Eser geniş kaynakçası ile tüm Kafkas tarihi literatürüyanında Rus Devlet Arşivleri’nin de başarılı bir taraması olarak dikkat çekiyor. Daha önce çevirilerini okuma şansı bulduğumuz J.Bell, L.Y.Luyle, A.Spencer, Longworth, T.D’Marigny gibi Avrupalı yazarlar dışında A.V. Fadayew, L.I.Lavrov, V.D.Kudaşev gibi Rus ve A.Misostov, Ç.E.Kardenov, R.Trakho, A.D. Paneş, Ş.D.Inal Ipa gibi Kafkasyalı tarihçilerin eserlerinden de alıntılar yapan yazarın özellikle Kafkas-Rus Savaşı ve Çerkes Sürgünü gibi önemli konuları irdelerken gösterdiği nesnel yaklaşım, konularla ilgili varolan müspet ve menfii tüm tezleri göz önüne serdikten sonra bilimsel sonuçlara varması eserin akademik değerini arttırdığı gibi Kafkas literatürü için de büyük bir kazanım sağlıyor. Çalışması boyunca bilimselliği elden bırakmayan yazar Polovinkina belki de kitaba verdiği isimle tüm dünyaya insanlık onuru adına bir mesaj veriyor. Uzun yıllar boyunca üzerinde çalıştığı Kafkas Tarihi, uzun yıllar gözlemleme şansı bulduğu Adigeler’in yaşadıkları, Ukraynalı yazarın kalbinde büyük bir yara açmış olacak ki bu acı kendini kitabın ismine kadar taşımış.Ne acıdır ki gönül yarasının bedelini Lazerevski Müzesi’ndeki müdürlük görevinden alınarak ödedi.

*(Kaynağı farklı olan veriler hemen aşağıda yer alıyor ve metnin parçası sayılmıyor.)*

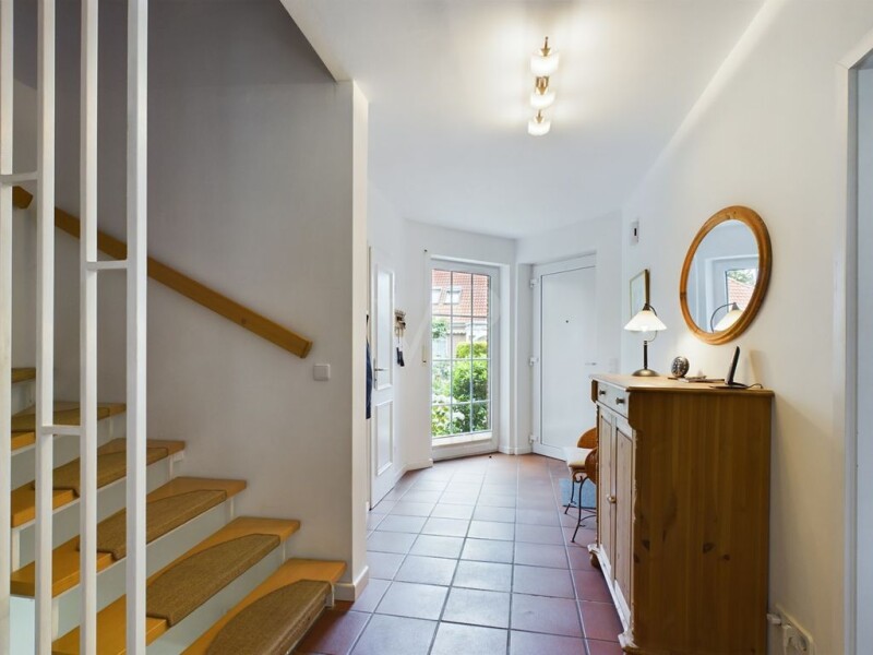 For sale is a semi-detached house built in 1991 on a plot of land of around 390 m² in solid construction. The house is in a prime location in Großburgwedel within walking distance of the center. The semi-detached house has a living space of around 132 m² and has a full basement. The property is in very good condition and has been continuously modernized. Among other things, the bathroom on the upper floor was renovated in 2015 and the gas heating was replaced in 2006. The hot water is supported by solar thermal energy. On the ground floor there is the spacious kitchen with fitted kitchen, a guest toilet with shower and the living / dining room with large, floor-to-ceiling lattice windows with access to the terrace. High-quality oak parquet flooring was laid in the living room in 2013, and a fireplace from 2007 provides pleasant warmth in the cold season. The curved staircase with wooden steps leads from the basement to the upper floor with three beautiful rooms and the bathroom, which was modernized in 2015, and further into the converted attic. In the full basement, in addition to the boiler room, the utility room with washing machine connection and a storage room, there are two further rooms that can be used for hobbies and workshops. The terrace faces southwest and offers a beautiful view of the lovingly landscaped garden. The property also has a garden tool shed as additional usable space and two covered parking spaces. All in all, a wonderful new home for families according to the motto "move in and feel good". Let the pictures inspire you and arrange a viewing appointment! The town of Burgwedel, with a total of around 22,000 inhabitants, located northeast of the state capital Hanover, is one of the most sought-after residential areas in the entire Hanover region with all of its districts. The semi-detached house is located in the Großburgwedel district, one of the top locations in the northern "suburbs" of the Lower Saxony state capital Hanover. With around 10,200 inhabitants, Großburgwedel is the administrative seat and infrastructural center of the town of Burgwedel. All types of schools, kindergartens, various sports clubs, an outdoor pool, a wide variety of restaurants and a shopping mile are available. The Großburgwedel clinic is located here. The Großburgwedel district is only 20 km or 17 minutes by train from the center of the state capital Hanover. The train station connects Großburgwedel directly to Hanover and Celle. The town also has a direct connection to the A7 motorway. - Fitted kitchen - Lattice windows with external roller shutters - Parquet flooring in the living room newly laid in 2013 - Fireplace from 2007 - Parquet flooring on the upper floor newly laid in 2010 - Bathroom on the upper floor renovated in 2015 - Converted attic - Full basement - Solar thermal energy for hot water preparation - Gas heating renewed in 2006 - Garden tool shed - Double carport with tool roomAn energy requirement certificate is available. This is valid until January 5, 2032. Final energy requirement is 93.00 kWh/(m²*a). The main energy source for heating is gas. The year the property was built according to the energy certificate is 2006. The energy efficiency class is C. MONEY LAUNDERING: As a real estate brokerage company, von Poll Immobilien GmbH is obliged according to Section 2 Paragraph 1 No. 14 and Section 11 Paragraphs 1 and 2 of the Money Laundering Act (GwG) to establish and verify the identity of the contractual partner when establishing a business relationship, or as soon as there is a serious interest in implementing the property purchase contract. To do this, it is necessary that we record the relevant data from your ID card (if you are acting as a natural person) - for example by means of a copy. For a legal entity, we require a copy of the commercial register extract showing the beneficial owner. The Money Laundering Act stipulates that the broker must keep the copies or documents for five years. As our contractual partner, you also have a duty to cooperate in accordance with Section 11 Paragraph 6 of the GwG. LIABILITY: We would like to point out that the property information, documents, plans, etc. that we pass on come from the seller or landlord. We therefore do not accept any liability for the accuracy or completeness of the information. It is therefore the responsibility of our customers to check the property information and details contained therein for accuracy. All property offers are non-binding and subject to errors, prior sale and rental or other interim use. OUR SERVICE FOR YOU AS AN OWNER: If you are planning to sell or rent your property, it is important for you to know its market value. Have the current value of your property professionally assessed by one of our property specialists free of charge and without obligation. Our nationwide and international network enables us to bring sellers or landlords and interested parties together in the best possible way. Final energy requirement: 93.00 kWh/(m²·a).

Polovinkina. Kendisine yapılan tüm yıldırma politikasına rağmen onurlu bir hayat mücadelesi veren yazar hala Lazerevski Etnoğrafya Müzesi’nde araştırmacı olarak küçük bir odada Kafkas tarihi araştırmalarına devam ediyor. 2006’da yayınlanan Soçi tarihini anlatan son eseri “Soçinskoye Priçernomorye” yazarın yılmadan gerçekleri yazmaya devam edeceğinin en son kanıtı olarak karşımıza çıkıyor. Onun bu duyarlılığı ister istemez özeleştiri yapmak isteği uyandırıyor kitabı okuyan Kafkasyalıların içinde.
Lazarevski Etnoğrafya Müzesi’nde müdürken yaptığı çalışmalar neticesinde oluşturduğu Adige Tarihi Salonu’nu gezdirirken bir cam ekrandaki kaşıkları gösterip Ruslara kaşıklarını bile vermek istemeyen Şapsuğlar’dan onları alabilmek için tam 6 sene uğraştığını anlatıyor heyecanla. Diğer bir bölmedeki geleneksel Adige kıyafetlerinin gösterirken oradaki Adige Saye’nin kumaşını özellikle Lazerevski’deki denizin renginde seçtiğini anlatıyor mutlulukla. Ondaki Kafkasya sevgisi onur verdiği kadar da bir kalp sızısı bırakıyor insanın içinde. Kafkasyalı olan herkesin mutlaka edinmesi gereken bir kitap “Çerkesya Gönül Yaram”. Yazarın takdire şayan iradesi ve cesareti yanında en azından “Özgür Çerkesya’yı Savunanların Anısına” atalarımıza ithaf edildiği için basit bir teşekkürü çoktan hak ediyor.